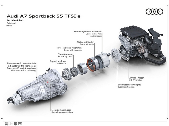 继奥迪推出了旗下Q5轻混车型以及奥迪A8 (配置|询价)插电式混合动力车型后,奥迪汽车于近日公布了A7 55TFSI E PHEV插电式混合动力车型的相关信息,新车市场起售价为74,900美元(约为53万人民币),并计划在第三季度的某月上市开售。动力方面,新车将搭载2.0T涡轮增压发动机+电动机所组成的混合动力系统,传动系统匹配7速S-Tronic双离合变速箱,并配备quattro全轮驱动系统。
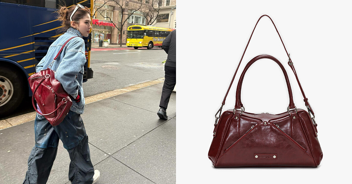 長相甜美的韓韶禧私底下喜歡個性街頭感的穿搭,前陣子在她的個人社群出鏡的這款機車包來自韓國品牌sunburnproject,流暢的輪廓設計配上自然褶皺感的皮革,呈現滿滿復古風情,而韓韶禧選的勃根地酒紅色和牛仔單品混搭,既能畫龍點睛,又不會太突兀。
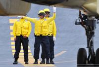 在中国航母“辽宁号”宽阔的飞行甲板上,忙碌着许多水兵,他们分工、部位和使命非常明确。 (来源:中国航空报 齐晓东 张凯 本报记者 牟健 摄影报道)
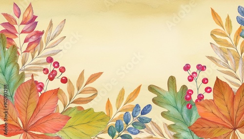 Watercolor autumn leaves and berries. Floral background.
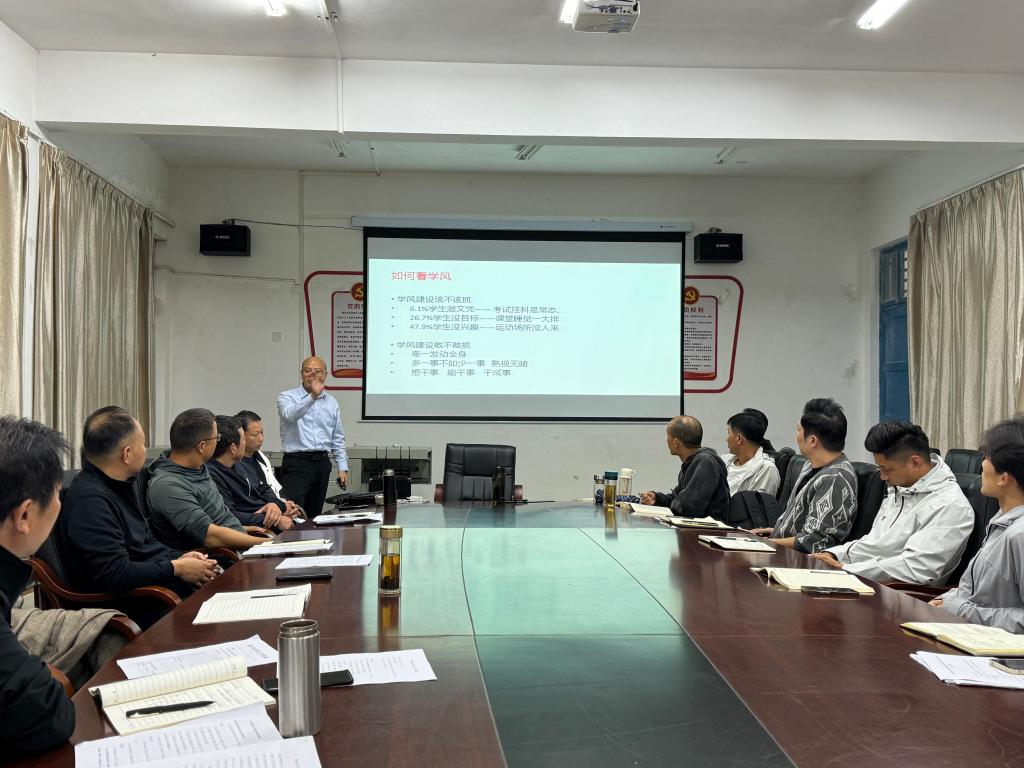 要围绕“一根本”“三原则”“五推进”来推进学风建设,以思想教育引领学风、规范管理督促学风、文明寝室共树学风、丰富活动推进学风、榜样示范巩固学风为主要推进方式,丰富学生的日常生活,促进现代学子的全面发展。最后,党委书记罗华国进行了总结讲话,他指出,学风建设是学校发展的重要基石,它直接关系到学生的成长成才和学校的整体形象。全体教职工应该清醒地认识到,学风建设是一项长期而艰巨的任务,需要持续不断地努力引导学生树立正确的世界观、人生观和价值观,加强制度建设,完善学风建设的长效机制,提高教师的教学水平,营造积极向上的学习氛围,为学校的长远发展奠定坚实的基础。
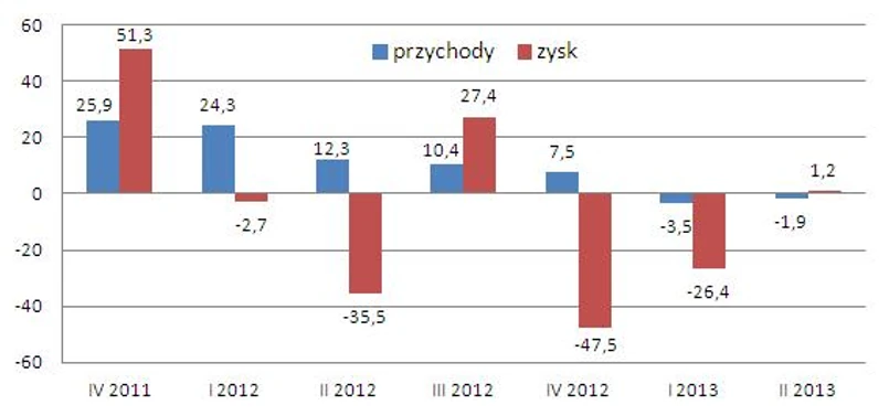 Nadal kiepska jest sytuacja Telekomunikacji Polskiej. Zysk w drugim kwartale był niższy niż przed rokiem o 70 proc. O 10 proc. zmniejszyły się także przychody ze sprzedaży, notując największy spadek od wielu kwartałów. Osiągnięcia spółki stanowiły negatywne zaskoczenie dla analityków. Rozczarowały także obie rafinerie. Dużo niższe niż przed rokiem były przychody ze sprzedaży Lotosu. Z kolei PKN mocno powiększył skalę strat (z 5 mln przed rokiem do 207 mln zł) i to mimo wyższych przychodów. Gdańska rafineria też pod tym względem nie zachwyciła. Choć strata była o trzy czwarte mniejsza niż w 2012 r., to i tak wyniosła 126 mln zł.
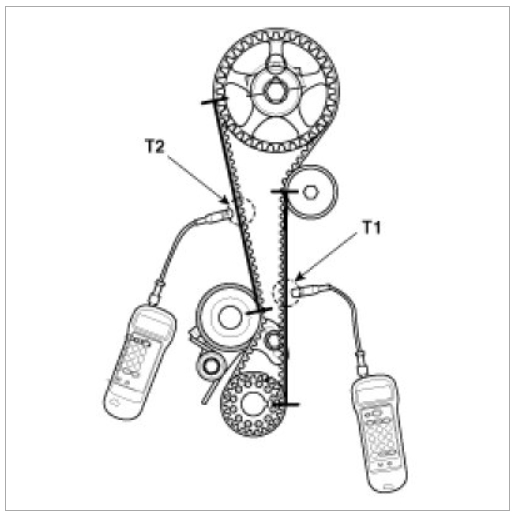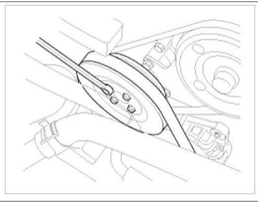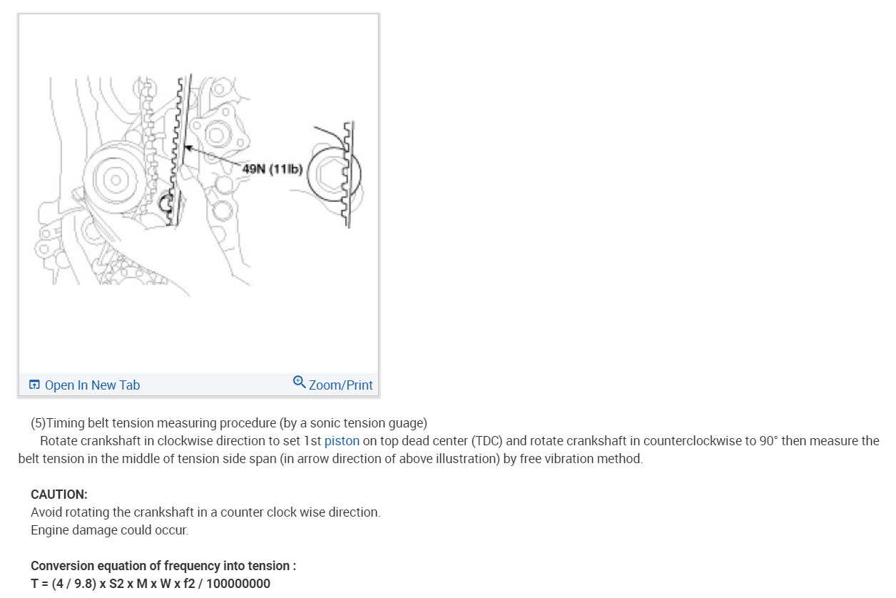 Rotate crankshaft in clockwise direction to set 1st piston on top dead center (TDC) and rotate crankshaft in counterclockwise to 90°then measure the belt tension in the middle of tension side span (in both arrow direction of above illustration ) by free vibration method.

### Task details
Every line in the records is to be retyped exactly as it stands; the pictures stay out.

### Finished exercise
 继奥迪推出了旗下Q5轻混车型以及奥迪A8 (配置|询价)插电式混合动力车型后,奥迪汽车于近日公布了A7 55TFSI E PHEV插电式混合动力车型的相关信息,新车市场起售价为74,900美元(约为53万人民币),并计划在第三季度的某月上市开售。动力方面,新车将搭载2.0T涡轮增压发动机+电动机所组成的混合动力系统,传动系统匹配7速S-Tronic双离合变速箱,并配备quattro全轮驱动系统。
 長相甜美的韓韶禧私底下喜歡個性街頭感的穿搭,前陣子在她的個人社群出鏡的這款機車包來自韓國品牌sunburnproject,流暢的輪廓設計配上自然褶皺感的皮革,呈現滿滿復古風情,而韓韶禧選的勃根地酒紅色和牛仔單品混搭,既能畫龍點睛,又不會太突兀。
 在中国航母“辽宁号”宽阔的飞行甲板上,忙碌着许多水兵,他们分工、部位和使命非常明确。 (来源:中国航空报 齐晓东 张凯 本报记者 牟健 摄影报道)
 Watercolor autumn leaves and berries. Floral background.
 要围绕“一根本”“三原则”“五推进”来推进学风建设,以思想教育引领学风、规范管理督促学风、文明寝室共树学风、丰富活动推进学风、榜样示范巩固学风为主要推进方式,丰富学生的日常生活,促进现代学子的全面发展。最后,党委书记罗华国进行了总结讲话,他指出,学风建设是学校发展的重要基石,它直接关系到学生的成长成才和学校的整体形象。全体教职工应该清醒地认识到,学风建设是一项长期而艰巨的任务,需要持续不断地努力引导学生树立正确的世界观、人生观和价值观,加强制度建设,完善学风建设的长效机制,提高教师的教学水平,营造积极向上的学习氛围,为学校的长远发展奠定坚实的基础。
 Nadal kiepska jest sytuacja Telekomunikacji Polskiej. Zysk w drugim kwartale był niższy niż przed rokiem o 70 proc. O 10 proc. zmniejszyły się także przychody ze sprzedaży, notując największy spadek od wielu kwartałów. Osiągnięcia spółki stanowiły negatywne zaskoczenie dla analityków. Rozczarowały także obie rafinerie. Dużo niższe niż przed rokiem były przychody ze sprzedaży Lotosu. Z kolei PKN mocno powiększył skalę strat (z 5 mln przed rokiem do 207 mln zł) i to mimo wyższych przychodów. Gdańska rafineria też pod tym względem nie zachwyciła. Choć strata była o trzy czwarte mniejsza niż w 2012 r., to i tak wyniosła 126 mln zł.
 Rotate crankshaft in clockwise direction to set 1st piston on top dead center (TDC) and rotate crankshaft in counterclockwise to 90°then measure the belt tension in the middle of tension side span (in both arrow direction of above illustration ) by free vibration method.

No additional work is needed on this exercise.